* _ASSIGNMENT_
Your answer should be the lines below from the one holding "Deze urn met" through the one holding "avec une chute", copied exactly and with nothing else.

* _RECORDS FOR THE EXERCISE_
________

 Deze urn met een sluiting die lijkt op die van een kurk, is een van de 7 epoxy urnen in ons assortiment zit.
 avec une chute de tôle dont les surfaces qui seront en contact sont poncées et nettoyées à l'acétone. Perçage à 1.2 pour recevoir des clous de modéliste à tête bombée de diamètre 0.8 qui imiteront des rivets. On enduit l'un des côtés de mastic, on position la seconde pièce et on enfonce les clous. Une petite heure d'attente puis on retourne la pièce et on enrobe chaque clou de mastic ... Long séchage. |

________

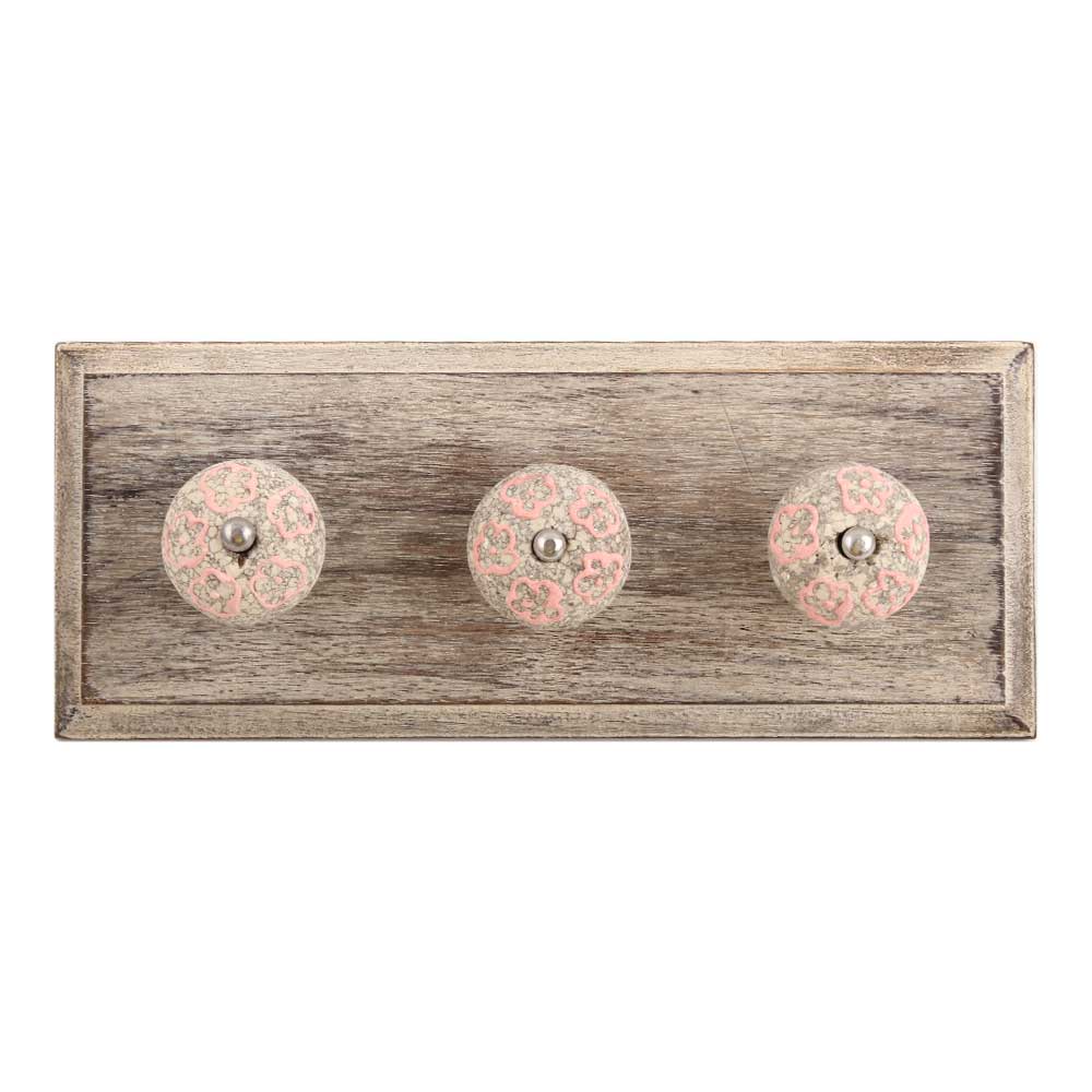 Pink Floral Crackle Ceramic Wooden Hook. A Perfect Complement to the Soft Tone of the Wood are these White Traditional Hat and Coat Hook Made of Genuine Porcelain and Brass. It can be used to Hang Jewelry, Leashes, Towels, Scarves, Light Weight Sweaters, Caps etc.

________

* _THE COMPLETED TASK_
 Deze urn met een sluiting die lijkt op die van een kurk, is een van de 7 epoxy urnen in ons assortiment zit.
 avec une chute de tôle dont les surfaces qui seront en contact sont poncées et nettoyées à l'acétone. Perçage à 1.2 pour recevoir des clous de modéliste à tête bombée de diamètre 0.8 qui imiteront des rivets. On enduit l'un des côtés de mastic, on position la seconde pièce et on enfonce les clous. Une petite heure d'attente puis on retourne la pièce et on enrobe chaque clou de mastic ... Long séchage. |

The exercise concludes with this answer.